## Your goal:
Pull out every line in the data that has the string "really" in it.

## Records shown:
▼▼▼
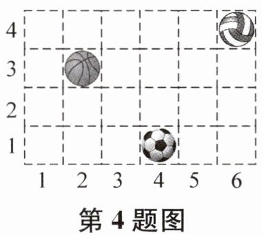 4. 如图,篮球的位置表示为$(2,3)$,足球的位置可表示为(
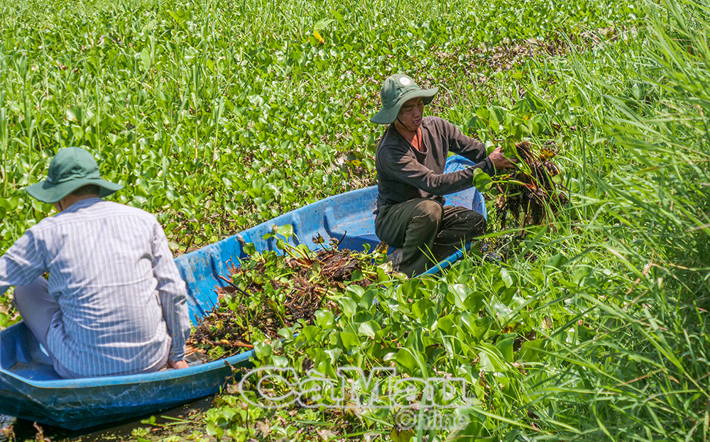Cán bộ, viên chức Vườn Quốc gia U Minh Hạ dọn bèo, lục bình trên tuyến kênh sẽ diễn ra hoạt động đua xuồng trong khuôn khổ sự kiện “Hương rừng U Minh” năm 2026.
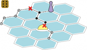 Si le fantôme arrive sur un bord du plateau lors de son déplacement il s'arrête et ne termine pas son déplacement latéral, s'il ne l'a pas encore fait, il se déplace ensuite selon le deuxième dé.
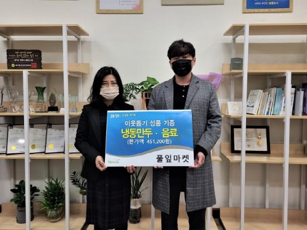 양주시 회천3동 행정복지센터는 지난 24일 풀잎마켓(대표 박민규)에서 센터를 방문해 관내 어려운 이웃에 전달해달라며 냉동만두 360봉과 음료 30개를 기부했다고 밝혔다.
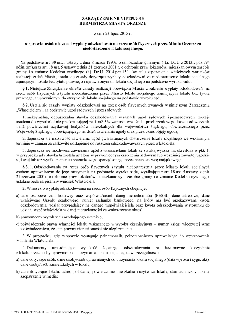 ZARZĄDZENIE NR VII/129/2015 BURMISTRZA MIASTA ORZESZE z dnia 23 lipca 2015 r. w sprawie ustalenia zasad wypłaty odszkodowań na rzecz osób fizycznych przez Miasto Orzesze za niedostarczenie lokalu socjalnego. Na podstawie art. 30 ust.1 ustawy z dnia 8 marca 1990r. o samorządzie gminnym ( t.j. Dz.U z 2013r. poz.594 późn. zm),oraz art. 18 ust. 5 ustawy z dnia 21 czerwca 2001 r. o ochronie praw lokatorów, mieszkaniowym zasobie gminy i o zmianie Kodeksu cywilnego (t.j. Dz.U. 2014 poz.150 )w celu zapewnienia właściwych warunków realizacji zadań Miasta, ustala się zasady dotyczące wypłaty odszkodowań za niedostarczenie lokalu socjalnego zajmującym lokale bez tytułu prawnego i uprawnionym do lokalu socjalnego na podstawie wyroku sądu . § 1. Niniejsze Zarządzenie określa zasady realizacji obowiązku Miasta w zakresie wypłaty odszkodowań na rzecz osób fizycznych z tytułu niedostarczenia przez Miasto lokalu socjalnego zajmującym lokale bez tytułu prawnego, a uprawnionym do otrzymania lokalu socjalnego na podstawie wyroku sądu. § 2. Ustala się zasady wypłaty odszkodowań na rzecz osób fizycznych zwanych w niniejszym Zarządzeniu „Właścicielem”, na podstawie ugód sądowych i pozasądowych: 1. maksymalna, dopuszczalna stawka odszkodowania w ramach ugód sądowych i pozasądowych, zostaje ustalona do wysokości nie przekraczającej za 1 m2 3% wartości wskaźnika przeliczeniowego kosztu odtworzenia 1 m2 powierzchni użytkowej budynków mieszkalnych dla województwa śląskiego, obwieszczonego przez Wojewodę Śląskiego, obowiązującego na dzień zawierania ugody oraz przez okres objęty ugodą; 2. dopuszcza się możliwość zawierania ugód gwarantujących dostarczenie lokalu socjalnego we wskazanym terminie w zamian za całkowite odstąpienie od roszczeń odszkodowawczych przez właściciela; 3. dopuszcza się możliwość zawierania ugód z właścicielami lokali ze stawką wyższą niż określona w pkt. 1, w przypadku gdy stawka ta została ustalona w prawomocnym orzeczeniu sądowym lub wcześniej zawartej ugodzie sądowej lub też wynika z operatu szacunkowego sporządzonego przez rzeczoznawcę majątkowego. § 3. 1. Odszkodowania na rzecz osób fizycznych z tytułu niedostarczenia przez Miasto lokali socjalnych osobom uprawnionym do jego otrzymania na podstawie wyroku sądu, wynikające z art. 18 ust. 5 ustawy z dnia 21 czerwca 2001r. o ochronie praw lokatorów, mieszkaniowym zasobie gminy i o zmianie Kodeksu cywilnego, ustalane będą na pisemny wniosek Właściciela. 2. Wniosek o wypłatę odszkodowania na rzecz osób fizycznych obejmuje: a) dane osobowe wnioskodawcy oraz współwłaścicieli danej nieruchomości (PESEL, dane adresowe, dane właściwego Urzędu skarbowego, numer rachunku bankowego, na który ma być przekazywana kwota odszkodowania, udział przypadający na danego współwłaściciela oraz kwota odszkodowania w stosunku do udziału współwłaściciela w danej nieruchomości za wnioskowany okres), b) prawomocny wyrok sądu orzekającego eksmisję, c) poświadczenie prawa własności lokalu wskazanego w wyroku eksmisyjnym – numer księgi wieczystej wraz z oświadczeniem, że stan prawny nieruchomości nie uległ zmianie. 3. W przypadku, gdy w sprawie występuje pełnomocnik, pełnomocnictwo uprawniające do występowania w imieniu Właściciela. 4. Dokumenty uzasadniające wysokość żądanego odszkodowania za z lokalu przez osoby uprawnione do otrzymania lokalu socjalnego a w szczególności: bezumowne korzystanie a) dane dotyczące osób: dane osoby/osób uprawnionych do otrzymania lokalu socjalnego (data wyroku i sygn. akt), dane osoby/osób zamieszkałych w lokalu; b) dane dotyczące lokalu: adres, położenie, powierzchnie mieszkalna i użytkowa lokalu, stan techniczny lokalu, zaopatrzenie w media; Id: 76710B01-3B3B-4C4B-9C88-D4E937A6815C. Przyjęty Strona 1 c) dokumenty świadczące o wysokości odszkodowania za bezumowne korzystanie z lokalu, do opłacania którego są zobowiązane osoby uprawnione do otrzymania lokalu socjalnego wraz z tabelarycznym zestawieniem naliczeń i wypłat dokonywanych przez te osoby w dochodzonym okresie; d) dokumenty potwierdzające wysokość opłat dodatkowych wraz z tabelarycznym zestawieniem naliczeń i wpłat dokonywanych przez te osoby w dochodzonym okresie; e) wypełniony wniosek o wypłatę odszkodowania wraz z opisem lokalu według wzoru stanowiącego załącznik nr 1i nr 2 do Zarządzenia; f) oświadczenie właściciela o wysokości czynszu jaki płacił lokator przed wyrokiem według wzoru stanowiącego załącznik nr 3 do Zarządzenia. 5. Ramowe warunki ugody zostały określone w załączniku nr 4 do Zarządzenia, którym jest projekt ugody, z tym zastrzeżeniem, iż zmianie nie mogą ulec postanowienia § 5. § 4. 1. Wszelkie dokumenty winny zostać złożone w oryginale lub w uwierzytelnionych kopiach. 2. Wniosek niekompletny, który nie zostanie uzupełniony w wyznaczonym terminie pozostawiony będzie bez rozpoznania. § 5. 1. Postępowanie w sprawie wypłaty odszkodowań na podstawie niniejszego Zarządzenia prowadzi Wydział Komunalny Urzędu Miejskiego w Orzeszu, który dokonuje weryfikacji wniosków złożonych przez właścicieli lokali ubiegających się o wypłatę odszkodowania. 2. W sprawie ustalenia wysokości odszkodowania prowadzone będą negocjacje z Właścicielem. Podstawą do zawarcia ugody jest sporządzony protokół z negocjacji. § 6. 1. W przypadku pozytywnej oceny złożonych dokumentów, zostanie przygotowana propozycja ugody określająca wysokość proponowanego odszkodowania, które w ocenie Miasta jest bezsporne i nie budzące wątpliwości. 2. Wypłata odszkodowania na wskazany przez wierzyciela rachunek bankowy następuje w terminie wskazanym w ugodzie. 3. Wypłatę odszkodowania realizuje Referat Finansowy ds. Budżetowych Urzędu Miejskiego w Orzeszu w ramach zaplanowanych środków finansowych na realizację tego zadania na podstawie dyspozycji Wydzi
▲▲▲
▼▼▼
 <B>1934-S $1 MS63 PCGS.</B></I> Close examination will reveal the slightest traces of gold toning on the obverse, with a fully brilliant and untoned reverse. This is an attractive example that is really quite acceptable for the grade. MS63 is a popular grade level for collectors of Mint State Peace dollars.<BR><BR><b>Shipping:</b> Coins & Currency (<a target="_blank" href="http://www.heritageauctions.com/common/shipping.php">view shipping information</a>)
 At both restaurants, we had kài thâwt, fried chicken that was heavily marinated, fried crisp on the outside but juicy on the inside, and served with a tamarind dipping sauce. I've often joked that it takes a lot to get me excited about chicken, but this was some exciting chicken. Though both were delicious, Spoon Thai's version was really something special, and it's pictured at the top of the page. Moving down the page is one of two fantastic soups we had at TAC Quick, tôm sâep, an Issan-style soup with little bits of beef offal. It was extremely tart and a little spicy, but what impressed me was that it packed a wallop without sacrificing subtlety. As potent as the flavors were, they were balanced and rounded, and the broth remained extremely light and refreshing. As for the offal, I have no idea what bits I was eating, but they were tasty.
▲▲▲
## Output for this task:
 <B>1934-S $1 MS63 PCGS.</B></I> Close examination will reveal the slightest traces of gold toning on the obverse, with a fully brilliant and untoned reverse. This is an attractive example that is really quite acceptable for the grade. MS63 is a popular grade level for collectors of Mint State Peace dollars.<BR><BR><b>Shipping:</b> Coins & Currency (<a target="_blank" href="http://www.heritageauctions.com/common/shipping.php">view shipping information</a>)
 At both restaurants, we had kài thâwt, fried chicken that was heavily marinated, fried crisp on the outside but juicy on the inside, and served with a tamarind dipping sauce. I've often joked that it takes a lot to get me excited about chicken, but this was some exciting chicken. Though both were delicious, Spoon Thai's version was really something special, and it's pictured at the top of the page. Moving down the page is one of two fantastic soups we had at TAC Quick, tôm sâep, an Issan-style soup with little bits of beef offal. It was extremely tart and a little spicy, but what impressed me was that it packed a wallop without sacrificing subtlety. As potent as the flavors were, they were balanced and rounded, and the broth remained extremely light and refreshing. As for the offal, I have no idea what bits I was eating, but they were tasty.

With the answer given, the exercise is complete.